I have a dataframe like below.

Note: There will be only a max 3 or 4 repetions in the Array type)

root
 |-- A: string (nullable = true)
 |-- B: string (nullable = true)
 |-- ArrayIDs: array (nullable = true)
 |    |-- element: struct (containsNull = true)
 |    |    |-- ArrayID: string (nullable = true)
 |    |    |-- ArrayIDType: string (nullable = true)
 |    |    |-- ArrayIDlength: string (nullable = true)
 |-- C: string (nullable = true)

with Values like

 +----------+----+--------------------+----------------+
|A|B|          ArrayIDs|         C
+----------+----+--------------------+----------------+
|   3.54|null|    [[R,C,3],[X,Y,7]]|111|
|   3.64|null| [[3,P,12], [0,P,3],[I,X,5]]|222|
|   4.64|   Y|    [[L,B,1]]|333|

I'm expecting output something like

root
 |-- A: string (nullable = true)
 |-- B: string (nullable = true)
 |-- ArrayID1: string
 |-- ArrayIDType1: string 
 |-- ArrayIDlength1: string 
 |-- ArrayID2: string
 |-- ArrayIDType2: string 
 |-- ArrayIDlength2: string 
 |-- ArrayID3: string
 |-- ArrayIDType3: string 
 |-- ArrayIDlength3: string 
 |-- C: string (nullable = true)

I tried with explode but that is not what i expect, Any suggestions ?
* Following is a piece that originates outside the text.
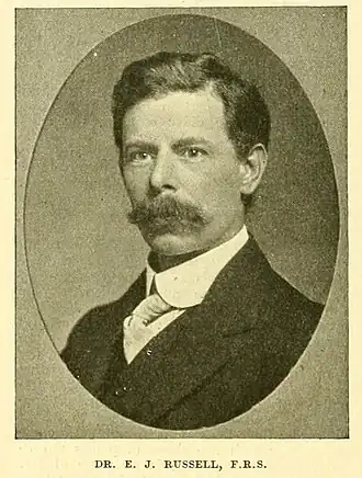 Edward John Russell, officier de l'Empire britannique, membre de la Royal Society[2] ( - ), est un spécialiste britannique de la chimie du sol, directeur de la station expérimentale de Rothamsted de 1912 à 1943[3]. Il est à l'origine de la création de l'Imperial Agricultural Bureaux, futur Commonwealth Agricultural Bureaux, dans le but d'améliorer les échanges d'informations à l'échelle internationale, dans le domaine de l'agriculture.
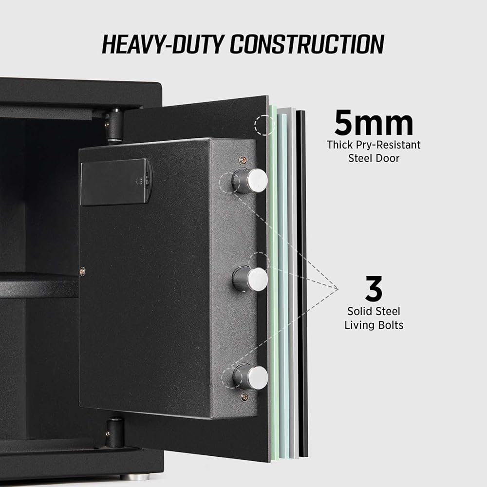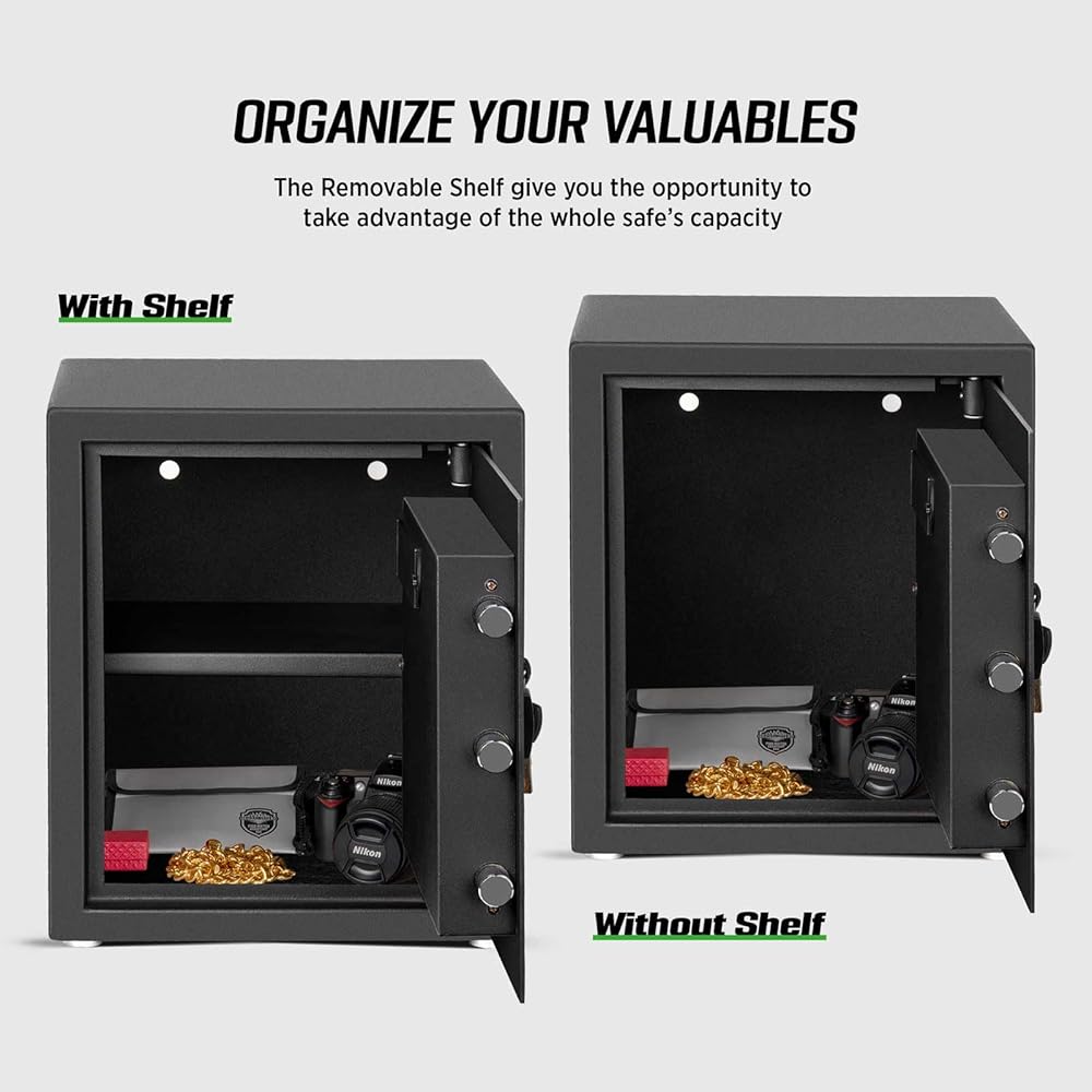 【رف قابل للإزالة وسبائك فولاذية】تتميز خزنة المنزل برف قابل للإزالة لسهولة تنظيم الأشياء الثمينة بالداخل. صندوق القفل مصنوع من سبائك الصلب المقوى، ومزالج الأسطوانة المزدوجة تزيد من السلامة والموثوقية. توفير الحماية الجسدية ضد الدخول القسري.

It is not a duplicate of the one mentioned in comment, But more about adding new columns from the array in dataframe

KK2486
  • 353
  • 2
  • 3
  • 13
  • I dont think so in the other i can see only how we can access a dataframe with complext types which is not the case here. – KK2486 Nov 09 '17 at 12:27
  • explode is the best solution for this kind of issues. you have to explode those arrays and group by other columns. – Sahil Desai Nov 09 '17 at 12:34

0 Answers0